# [GIVEN ENTRIES]
··········

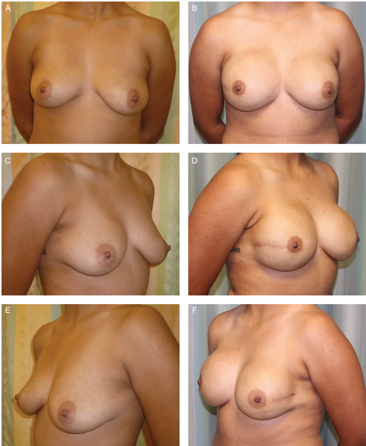
Figure 2. A 25-year-old woman (BMI, 23.87 kg/m 2 ), BRCA2 gene mutation, underwent bilateral prophylactic nipple-sparing mastectomies and immediate bilateral prepectoral DTI breast reconstruction. She has Natrelle Inspira SCX-700 cc implant (Allergan, Inc., Irvine, CA) in the right-side breast, SCX-580 implant in the left-side breast, and underwent fat grafting. (A, C, E) Preoperative and (B, D, F) postoperative views at 13 months postoperatively.
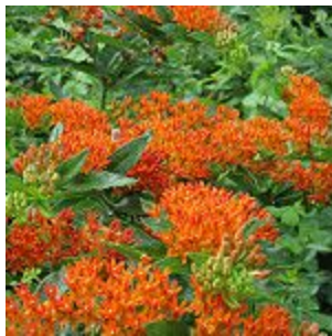
Milkweed ( Asclepias spp.)
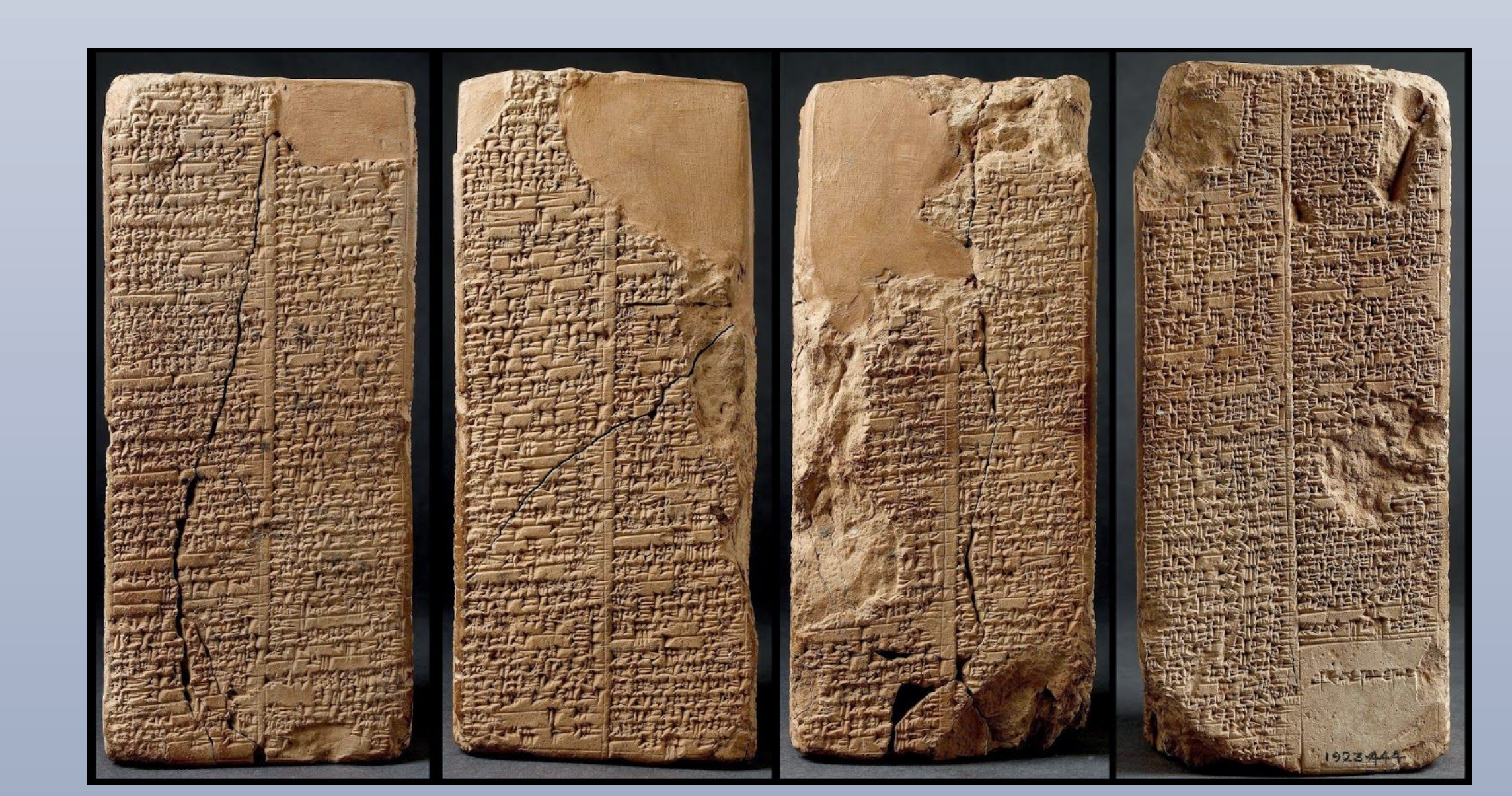
Four of the Tablets of Enuma Elis.

In addition, learning about a religion that I had previously never interacted with, Enuma Elis, gave me a new perspective on some ancient civilizations and how similar yet different the people of those times were to us.
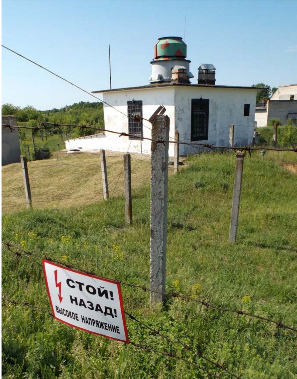
(Above) The complex's main guard tower and the electrified security fence.
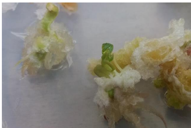
Fig. 4 Calligraphy and microenvironment regeneration in hypocotyl of 0.5 mg/L NAA.
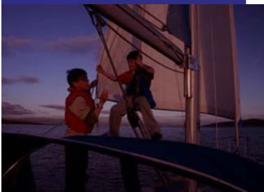
Fun in The Kyles
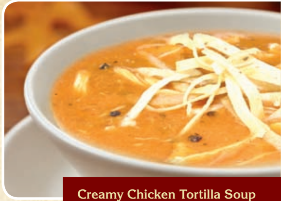
Creamy Chicken Tortilla Soup

Sourdough Bowls Your choice of New England Clam Chowder or Potato Cheddar. Served in a toasted sourdough bowl 8.99 Steak Chili 10.99
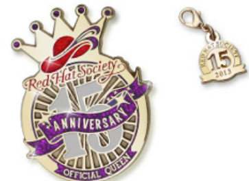
Queen Pin 15th Anniversary with Charm
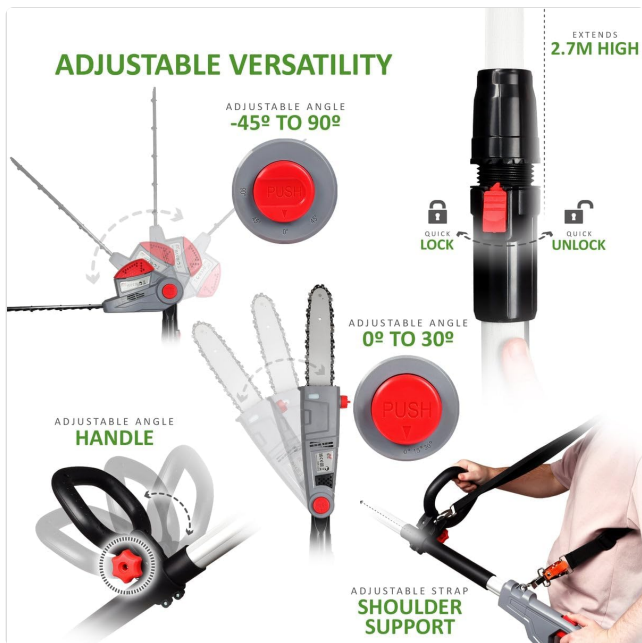
Figure 4: Details the extension pole mechanism, showing the quick lock and unlock functions for adjusting the tool's length.
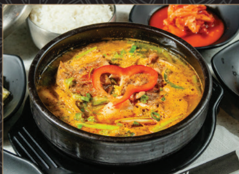
31. Ttugbaegi Gamjatang
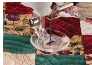
Echo "E" foot For perfect Echo quilting.
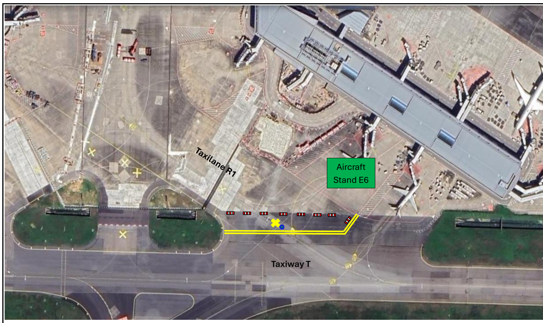
Diagram for illustration purpose only and not to scale
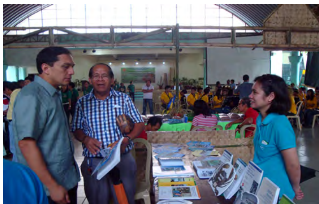
Visitors take interest in AQD publications during the exhibits/fairs

··········

The material above holds pictures; leave them out. Repeat exactly the lines from the one containing "In addition, learning" through the one containing "Creamy Chicken Tortilla Soup", and nothing else.

# [EXPECTED OUTPUT]
In addition, learning about a religion that I had previously never interacted with, Enuma Elis, gave me a new perspective on some ancient civilizations and how similar yet different the people of those times were to us.
(Above) The complex's main guard tower and the electrified security fence.
Fig. 4 Calligraphy and microenvironment regeneration in hypocotyl of 0.5 mg/L NAA.
Fun in The Kyles
Creamy Chicken Tortilla Soup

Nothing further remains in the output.